Salmos 40:1-4 (RV1960) “Pacientemente esperé a Jehová, y se inclinó a mí, y oyó mi clamor. Y me hizo sacar del pozo de la desesperación, del lodo cenagoso; puso mis pies sobre peña, y enderezó mis pasos. 3 Puso luego en mi boca cántico nuevo, alabanza a nuestro Dios. Verán esto muchos, y temerán, y confiarán en Jehová. 4 Bienaventurado el hombre que puso en Jehová su confianza, Y no mira a los soberbios, ni a los que se desvían tras la mentira. 5 Has aumentado, oh Jehová Dios mío, tus maravillas; y tus pensamientos para con nosotros, no es posible contarlos ante ti. Si yo anunciare y hablare de ellos, no pueden ser enumerados”.

No importa tu problema y desesperación, te desafío a que te metas con Dios y los busques de corazón, a que le des la oportunidad de cambiar tu circunstancia. Empieza a confiar en Él, empieza a morir a tu sabiduría y a tu ´yo´.

Tenemos que demostrar que tenemos confianza en Dios, esa confianza hará que nuestra familia y amigos vengan a los pies del Señor

Hebreos 10:35-37 (RV1960) “No perdáis, pues, vuestra confianza, que tiene grande galardón; 36 porque os es necesaria la paciencia, para que habiendo hecho la voluntad de Dios, obtengáis la promesa. 37 Porque aún un poquito, y el que ha de venir vendrá, y no tardará”.

La confianza nos mete en el sistema de la paciencia, la paciencia en el esperar en Dios, y el esperar en Dios nos mete en la promesa. Lo primero que nos delata, es el desesperarnos, con ello demostramos que no confiamos en Dios. La desesperación es la señal.

La confianza en Dios provoca los de repentes.  

La desesperación trae duda y la duda es sinónimo de desconfianza.
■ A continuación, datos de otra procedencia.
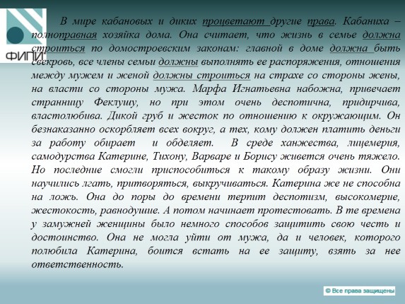 В мире кабановых и диких процветают другие права. Кабаниха – полноправная хозяйка дома. Она считает, что жизнь в семье должна строиться по домостроевским законам: главной в доме должна быть свекровь, все члены семьи должны выполнять ее распоряжения, отношения между мужем и женой должны строиться на страхе со стороны жены, на власти со стороны мужа. Марфа Игнатьевна набожна, привечает странницу Феклушу, но при этом очень деспотична, придирчива, властолюбива. Дикой груб и жесток по отношению к окружающим. Он безнаказанно оскорбляет всех вокруг, а тех, кому должен платить деньги за работу обирает и обделяет. В среде ханжества, лицемерия, самодурства Катерине, Тихону, Варваре и Борису живется очень тяжело. Но последние смогли приспособиться к такому образу жизни. Они научились лгать, притворяться, выкручиваться. Катерина же не способна на ложь. Она до поры до времени терпит деспотизм, высокомерие, жестокость, равнодушие. А потом начинает протестовать. В те времена у замужней женщины было немного способов защитить свою честь и достоинство. Она не могла уйти от мужа, да и человек, которого полюбила Катерина, боится встать на ее защиту, взять за нее ответственность.

Cuando dudamos, estamos desconfiando. Si Dios te lo dijo, si Su palabra lo dice, solamente confía. Muchos creyentes se han apartado, cayendo con los dardos de Satanás y accediendo a la duda. Aunque digamos que tenemos fe, debemos más bien preguntarnos, si tenemos confianza, porque son dos cosas diferentes.

La fe es la convicción de lo que esperamos y la certeza de lo que no se ve. Con la confianza no tenemos que esperar las cosas, porque ya las tenemos, celebrando porque ya está nuestras manos.

Proverbios 28:25 (RV1960) “El altivo de ánimo suscita contiendas; más el que confía en Jehová prosperará”.

Proverbios 29:25 (RV1960) “El temor del hombre pondrá lazo; más el que confía en Jehová será exaltado”.

Salmos 84:12 (RV1960) “… Dichoso el hombre que en ti confía”.

Jeremías 17: 7-10 (RV1960) “Bendito el varón que confía en Jehová, y cuya confianza es Jehová. 8 Porque será como el árbol plantado junto a las aguas, que junto a la corriente echará sus raíces, y no verá cuando viene el calor, sino que su hoja estará verde; y en el año de sequía no se fatigará, ni dejará de dar fruto. 9 Engañoso es el corazón más que todas las cosas, y perverso; ¿quién lo conocerá?”.

Cuando confías en Dios, la verdad camina contigo. Más cuando confías en el hombre, caminas en la verdad del hombre, por eso tantos problemas.

 

Salmos 37:3-5 (RV1960) “Confía en Jehová, y haz el bien; y habitarás en la tierra, y te apacentarás de la verdad. Deléitate asimismo en Jehová, y Él te concederá las peticiones de tu corazón. Encomienda a Jehová tu camino, y confía en él; y Él hará”.

Mientras más confiemos en Dios, viviremos mejor.